Based on the data shown below, calculate the correlation coefficient (rounded to three decimal places) \begin{tabular}{|c|r|} \hline$x$ & \multicolumn{1}{|c|}{$y$} \\ \hline 3 & 11.96 \\ \hline 4 & 12.3 \\ \hline 5 & 12.24 \\ \hline 6 & 9.88 \\ \hline 7 & 11.12 \\ \hline 8 & 8.46 \\ \hline 9 & 9.1 \\ \hline \end{tabular}

Step 1 ：Calculate the mean of x and y. The mean of x, denoted as \(\bar{x}\), is \(\frac{3+4+5+6+7+8+9}{7} = 6\). The mean of y, denoted as \(\bar{y}\), is \(\frac{11.96+12.3+12.24+9.88+11.12+8.46+9.1}{7} = 10.722857142857142\).

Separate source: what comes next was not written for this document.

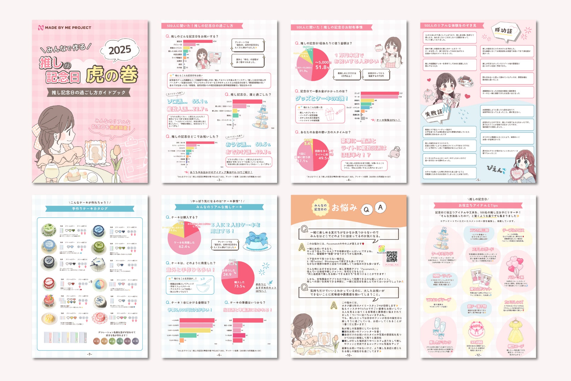 全20ページの推し活ガイドブックでは、アンケートデータに加え、ファンによる体験談や記念日の準備アイデアなどを掲載。“推しと過ごす記念日”の今を可視化し、「誰かを想う時間を手作りで祝う文化」を広げるきっかけを届けます。

Step 2 ：Calculate the standard deviation of x and y. The standard deviation of x, denoted as \(\sigma_x\), is \(\sqrt{\frac{(3-6)^2+(4-6)^2+(5-6)^2+(6-6)^2+(7-6)^2+(8-6)^2+(9-6)^2}{6}} = 2\). The standard deviation of y, denoted as \(\sigma_y\), is \(\sqrt{\frac{(11.96-10.722857142857142)^2+(12.3-10.722857142857142)^2+(12.24-10.722857142857142)^2+(9.88-10.722857142857142)^2+(11.12-10.722857142857142)^2+(8.46-10.722857142857142)^2+(9.1-10.722857142857142)^2}{6}} = 1.412\).

Step 3 ：Calculate the covariance of x and y. The covariance of x and y, denoted as cov(x,y), is \(\frac{(3-6)*(11.96-10.722857142857142)+(4-6)*(12.3-10.722857142857142)+(5-6)*(12.24-10.722857142857142)+(6-6)*(9.88-10.722857142857142)+(7-6)*(11.12-10.722857142857142)+(8-6)*(8.46-10.722857142857142)+(9-6)*(9.1-10.722857142857142)}{6} = -1.12\).

Step 4 ：Calculate the correlation coefficient. The correlation coefficient, denoted as r, is \(\frac{cov(x,y)}{\sigma_x*\sigma_y} = \frac{-1.12}{2*1.412} = -0.396\).

Step 5 ：\(\boxed{-0.396}\) is the final answer.